Task statement:
In the copy, keep every line below as it is and leave out the pictures.

○ ○ ○ ○ ○ ○ ○

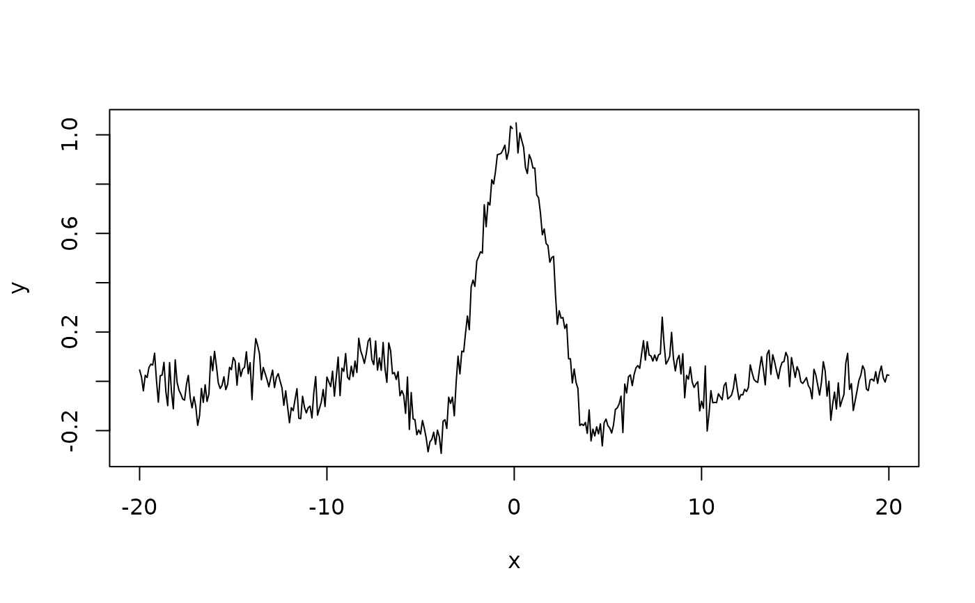 y <- sin(x)/x + rnorm(401,sd=0.05)
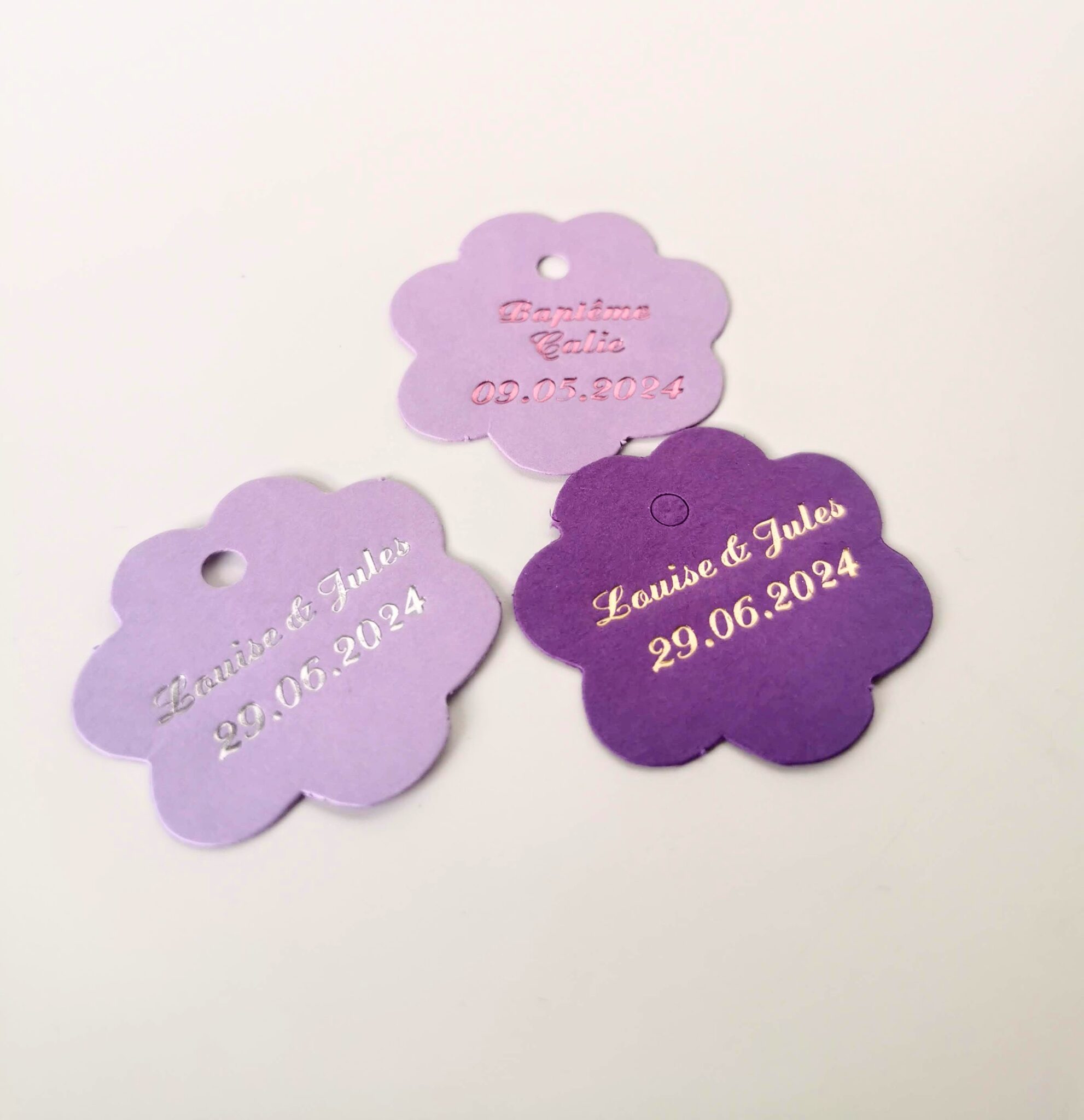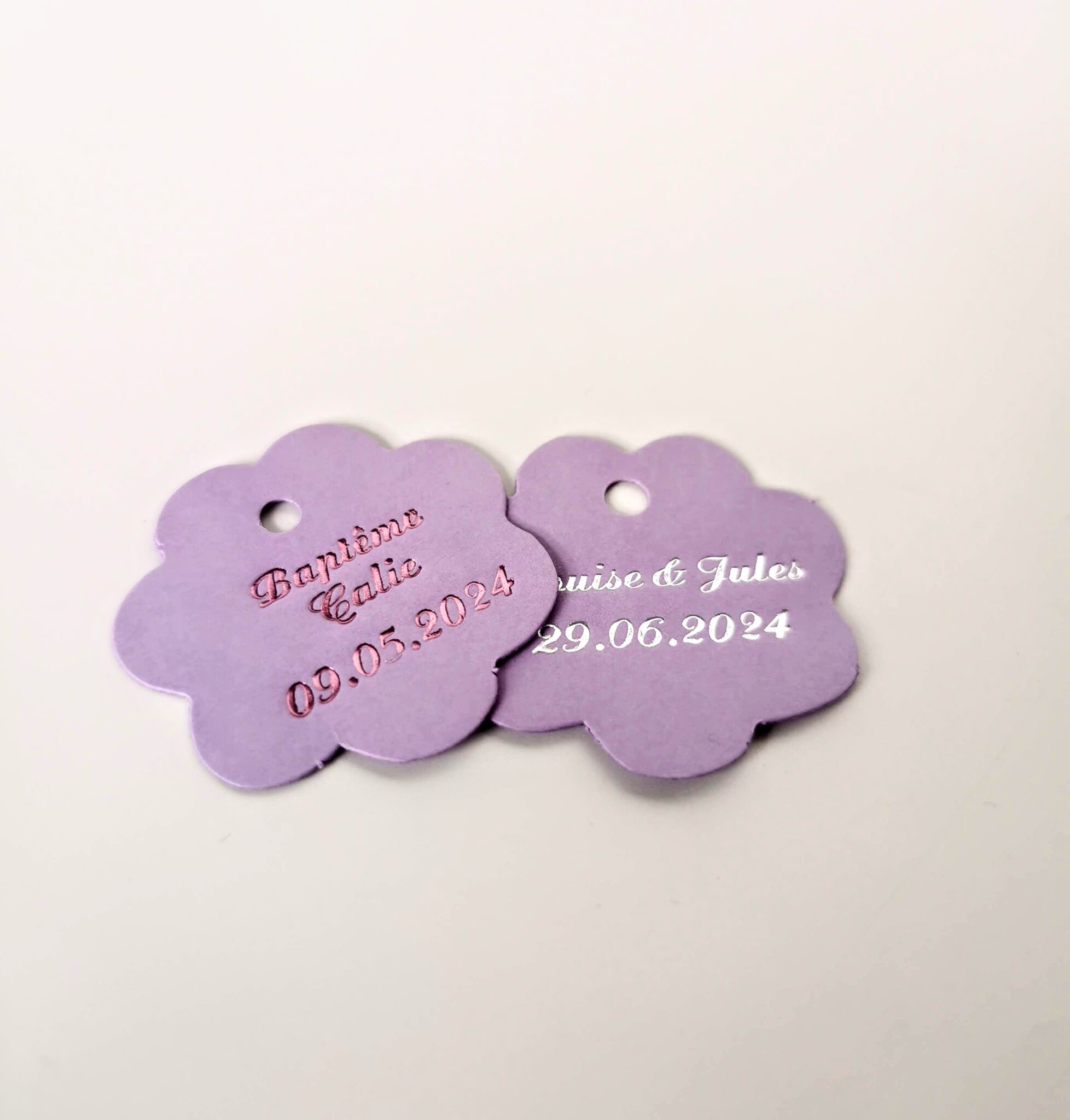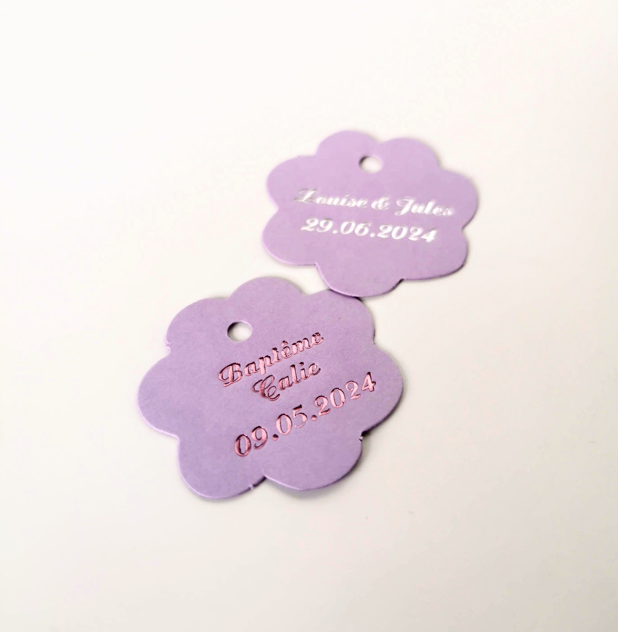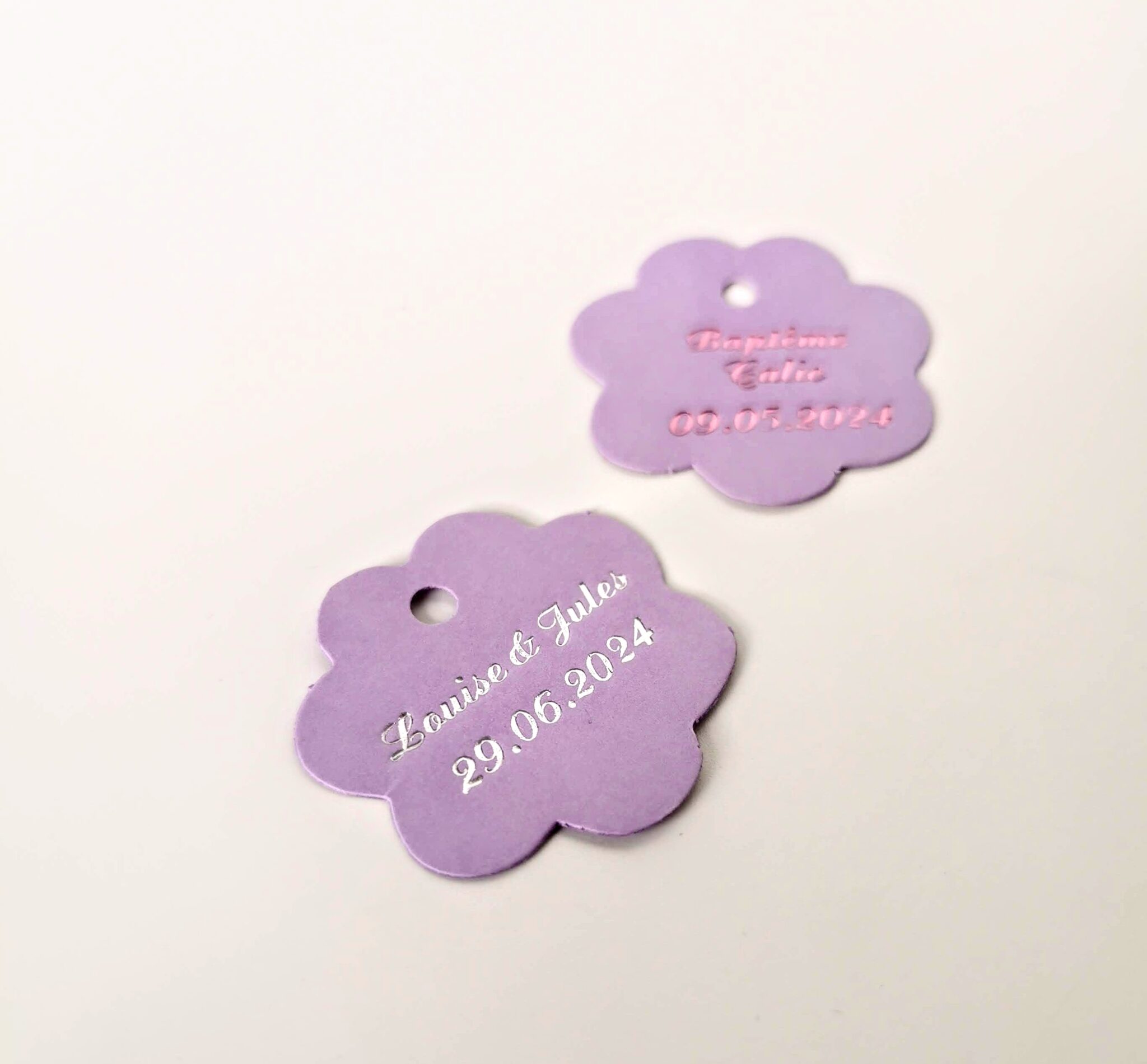 Étiquette dragées fleur, idéal pour personnaliser vos boites à dragées. Elles sont pourvues d’une perforation afin d’y passer un ruban.
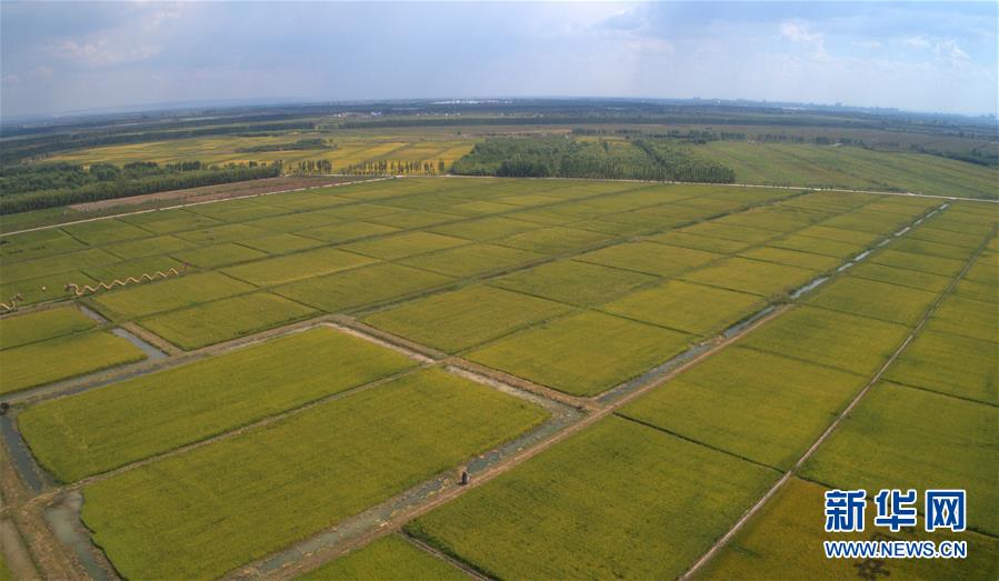 黃河水灌溉的青銅峽市葉盛鎮(zhèn)地三村農(nóng)田(9月1日無人機拍攝)。新華社記者劉詩平攝
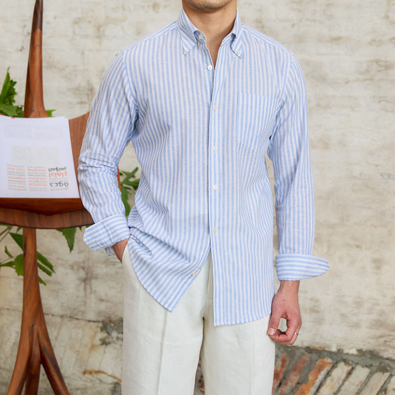 Men's Summer Striped Cotton Linen Long Sleeve Shirt
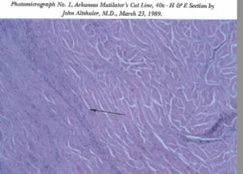 Tissue analysis has shown that a high temperature precision tool did the cut and the cut took place quickly maybe in a 2 second period. That was the same for all tissue samples from multiple cases.
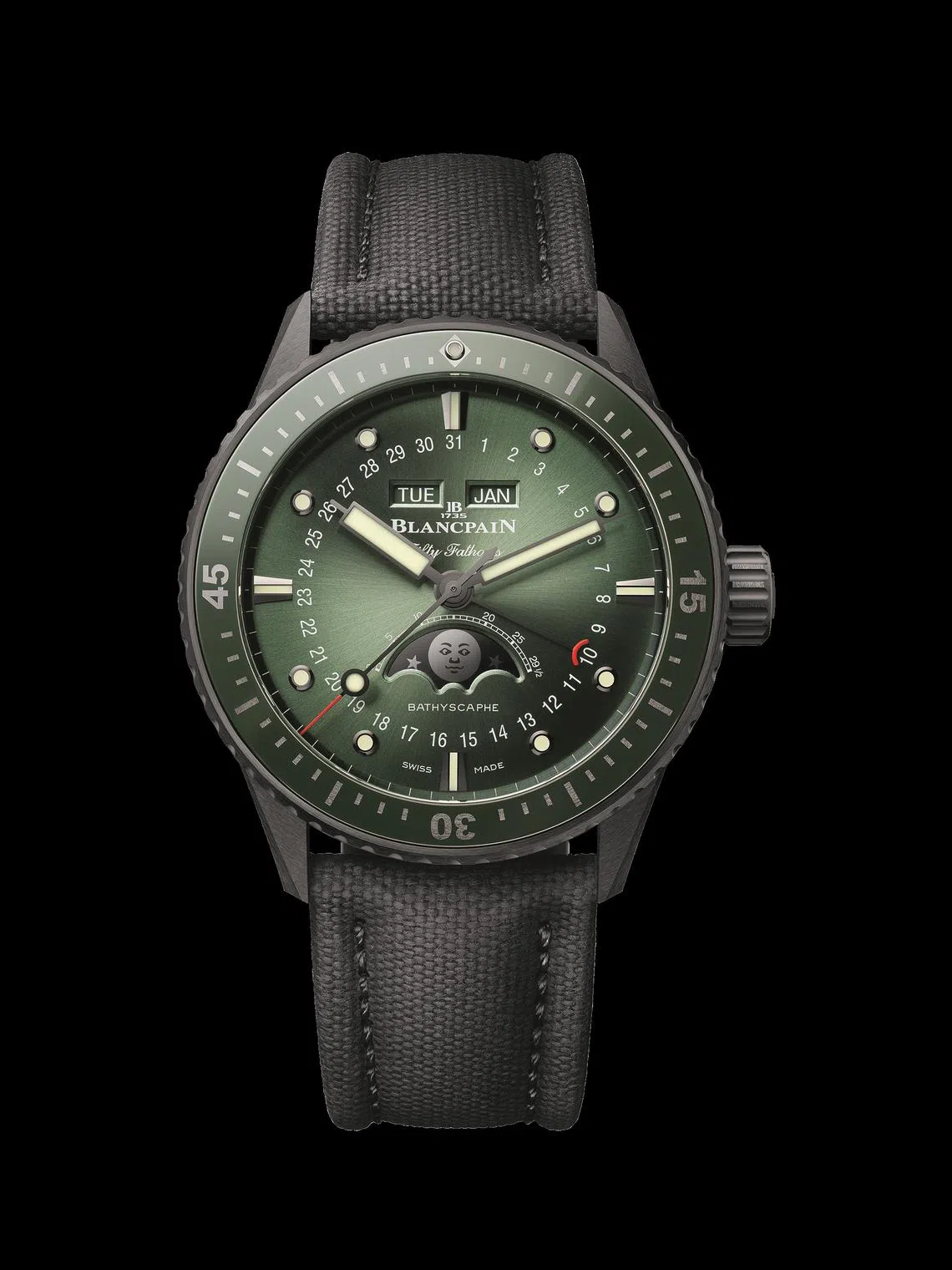 Blancpain debuts the Bathyscaphe Quantieme Complet Phases de Lune, which combines the manufacture’s legendary dive-watch heritage with a surprising twist of high elegance – an all-new high-tech ceramic bracelet
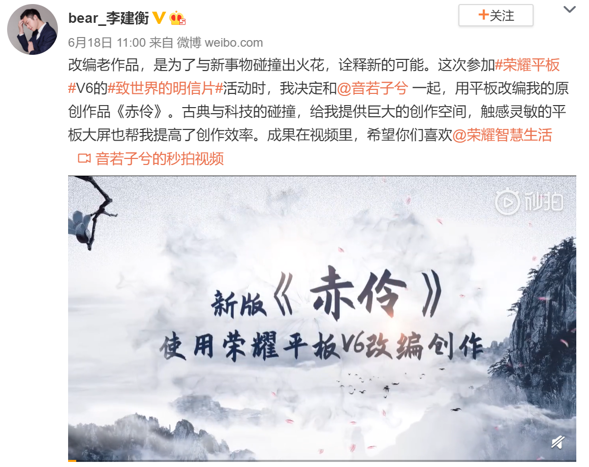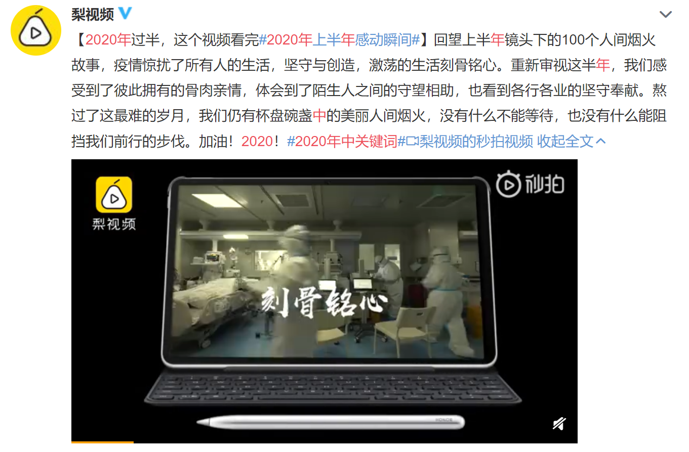 7 月 1 日,梨视频率先发布 #2020 年上半年感动瞬间 # 的混剪视频。视频中,王左中右借助荣耀平板 V6 和荣耀 Magic-Pencil 创作了 2020 年中关键词——「创造」,充分展示了科技对创造力的助推作用。
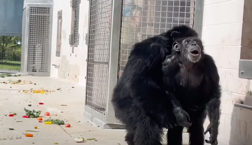 Un cimpanzeu în vârstă de 28 de ani, care a stat toată viața în cușcă, ...
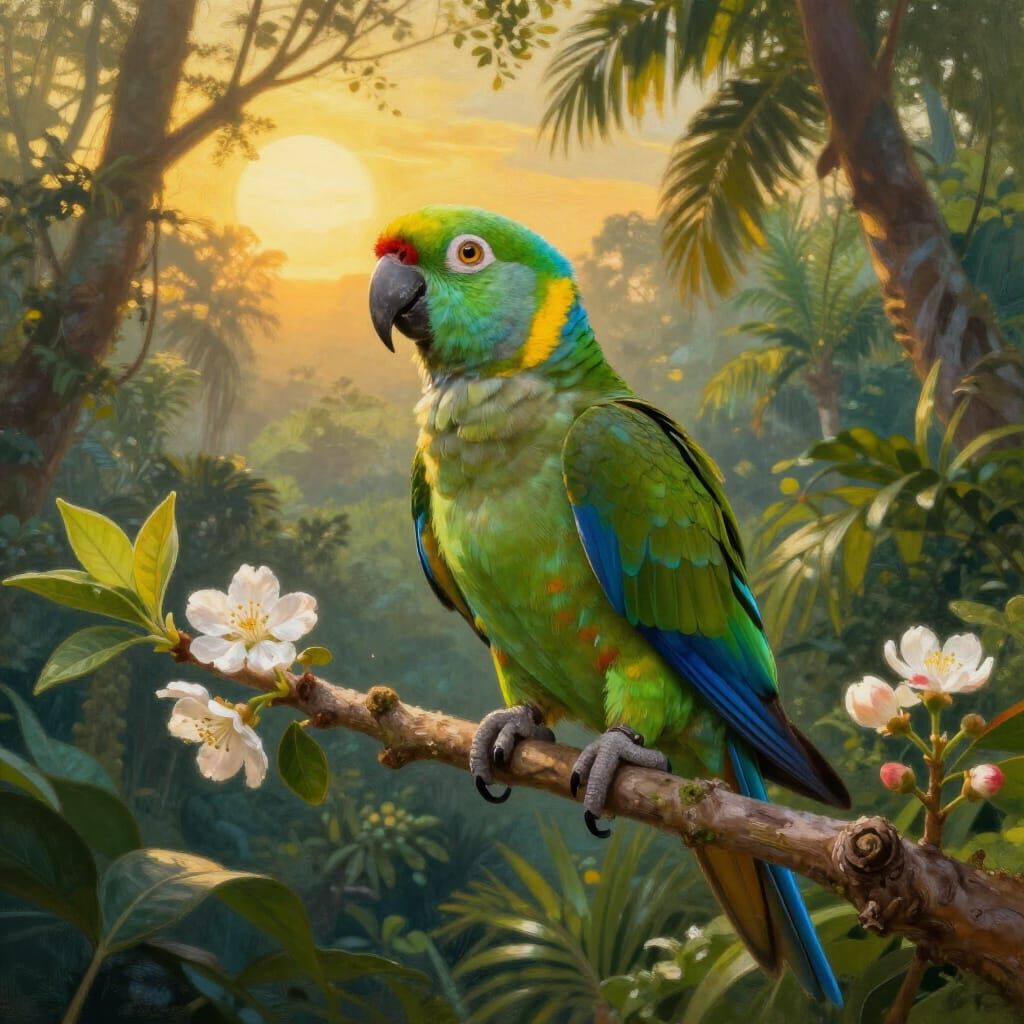 This image shows a hyperrealistic digital painting of an emerald parrot on a flowering branch, looking at a sunrise. The scene features a detailed tropical jungle canopy with rich colors and soft dawn light.

○ ○ ○ ○ ○ ○ ○

Answer box:
 y <- sin(x)/x + rnorm(401,sd=0.05)
 Étiquette dragées fleur, idéal pour personnaliser vos boites à dragées. Elles sont pourvues d’une perforation afin d’y passer un ruban.
 黃河水灌溉的青銅峽市葉盛鎮(zhèn)地三村農(nóng)田(9月1日無人機拍攝)。新華社記者劉詩平攝
 Men's Summer Striped Cotton Linen Long Sleeve Shirt
 Tissue analysis has shown that a high temperature precision tool did the cut and the cut took place quickly maybe in a 2 second period. That was the same for all tissue samples from multiple cases.
 Blancpain debuts the Bathyscaphe Quantieme Complet Phases de Lune, which combines the manufacture’s legendary dive-watch heritage with a surprising twist of high elegance – an all-new high-tech ceramic bracelet
 7 月 1 日,梨视频率先发布 #2020 年上半年感动瞬间 # 的混剪视频。视频中,王左中右借助荣耀平板 V6 和荣耀 Magic-Pencil 创作了 2020 年中关键词——「创造」,充分展示了科技对创造力的助推作用。
 Un cimpanzeu în vârstă de 28 de ani, care a stat toată viața în cușcă, ...
 This image shows a hyperrealistic digital painting of an emerald parrot on a flowering branch, looking at a sunrise. The scene features a detailed tropical jungle canopy with rich colors and soft dawn light.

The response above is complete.